Well this is my first time ever submitting an answer, so I don't see myself winning. This is basically a brute force method to figure out all answers and then it grabs and returns the smallest ones in an array. with the first argument being the length and the second being an array with the outputs.

if the input is "1-2=9" the output is [1,["1+2=3","7-2=5"]]

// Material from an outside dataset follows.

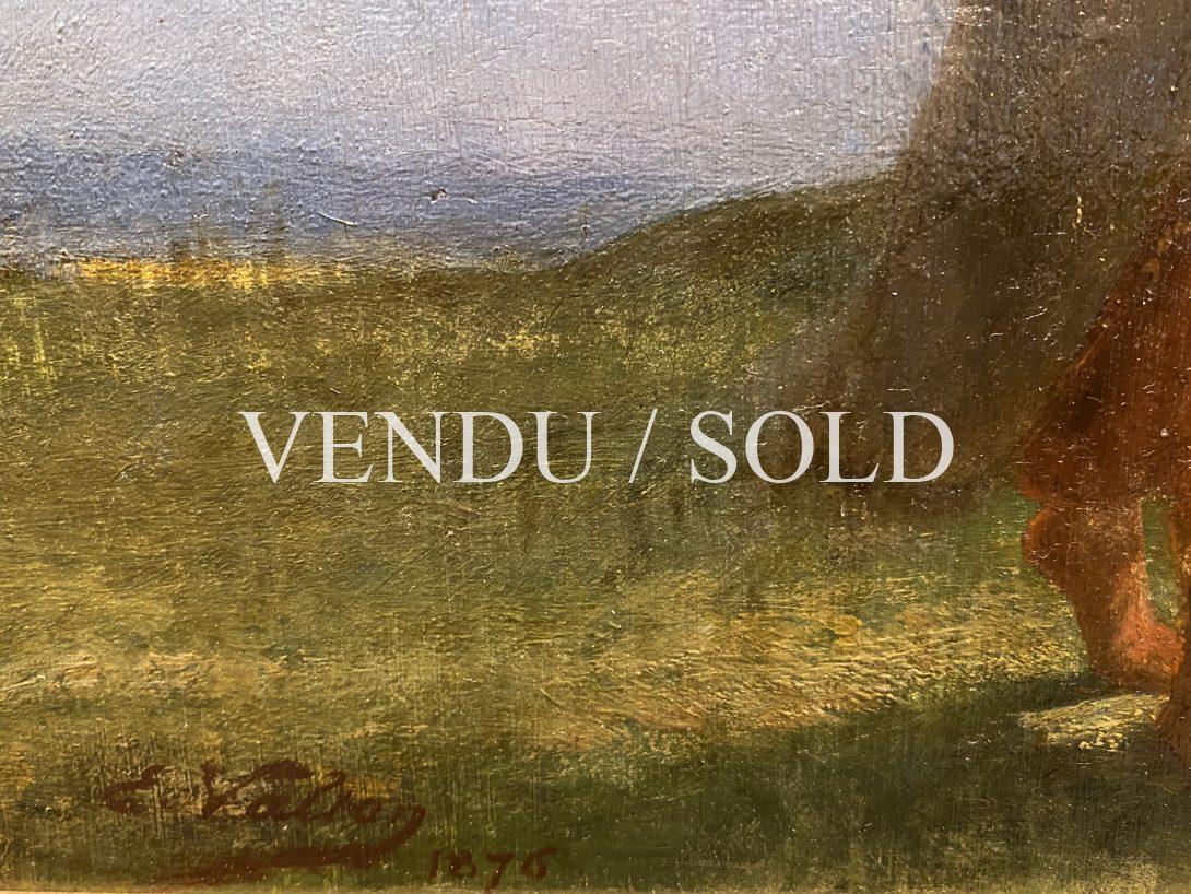 Huile sur panneau signée en bas à gauche, datée 1876

and here is the uncompressed code:

function ms(s) {
a=[[1,2,3,4,5,6],[4,5],[2,3,5,6,8],[3,4,5,6,8],[1,4,5,8],[1,3,4,6,8],[1,2,3,4,6,8],[4,5,6],[1,2,3,4,5,6,8],[1,3,4,5,6,8]];
a["+"] = [8, 0];
a["-"] = [8];
a["="] = [7, 9];
a[" "] = [];
l = 0;
p = [];
u = [];
r = /^([1-9]\d*|0)([+-]([1-9]\d*|0))*=([1-9]\d*|0)([+-]([1-9]\d*|0))*$/;
b = /(=.*=|[+=-]{2,}|^[+=-])/;
if (!s.match(r)) return -1;
function f(g,h)
{
    d=(g.length>h.length?h:g).split('');
    e=(g.length>h.length?g:h).split('');
    longer=Math.max(d.length, e.length);
    if(0!==d.length&&0!==e.length)
    {
        g=[];
        for(x in d)
        {
            g[x]=[];
            for(y in e)
            {
                g[x][y]=(y-x>1)?-1:function(g, h){r=0;for(j in h)if(g.indexOf(h[j])>-1)r++;return g.length+h.length-2*r;}(a[d[x]],a[e[y]]);
            }
        }
        v=function(d,e)
        {
        for(var y=d.length-2;y>=0;y--) g[e.length-1][y]+=g[e.length-1][y+1];
        for(var y=d.length-2;y>=0;y--)
            for(var x=0;x<e.length-1;x++)
                if(y-x<=1)
                    g[x][y]+=g[x][y+1]==-1?g[x+1][y+1]:Math.min(g[x+1][y+1], g[x][y+1]);
        return g[0][0]/2}(e,d)
        return v
    }
    return -1;
}
g=function(n, s, i){if (i===0 && s.match(r) && eval(s.replace('=','=='))){n.push(s);return;}for (var c in a) if(i>=a[c].length && c!=" " && !(s+c).match(b)) g(n, s+c, i-a[c].length);};
g(p, "", function(q){m=0;for(var t in q)m+=a[q[t]].length;return m}(s.split('')));
for (var i in p)
{
    k=f(s, p[i]);
    if (!u[k]) u[k] = [];
    u[k].push(p[i]);
}
for (var q in u) return [q, u[q]];
return -1;
}

Warning: Don't do equations like 950-250=750 it uses ~45 Matchsticks and because this code uses brute force it will cause javascript to hang.

Answer 2

Perl, 334

Fairly fast as long as the solution is reachable in 1 or 2 moves. When there is no solution you are up for a long wait even in the smallest case of 1=7.

#!perl -p
@y=map{sprintf"%010b",$_}63,24,118,124,89,109,111,56,127,125,64,192,768;
$y{$z{$y[$c++]}=$_}=$y[$c]for 0..9,qw(- + =);
$"="|";$l=s/./$y{$&}/g;$x{$_}=1;for$m(0..y/1//){
last if$_=(map"$m $_",grep{s/@y/$z{$&}/g==$l&&/^\d.*\d$/&!/\D\D/&!/\b0\d/&y/=//==1&&eval s/=/==/r}keys%x)[0];
$_=-1;s/0/"$`1$'"=~s!1!$x{"$`0$'"}=1!ger/eg for keys%x}

Example:

$ time perl ~/matchstick.pl <<<950-250=750
2 990-250=740

real    0m39.835s
user    0m39.414s
sys 0m0.380s

This will not find solutions that change the length of the equasion like 11=4 -> 2 11=11, but I am not sure it this would be allowed.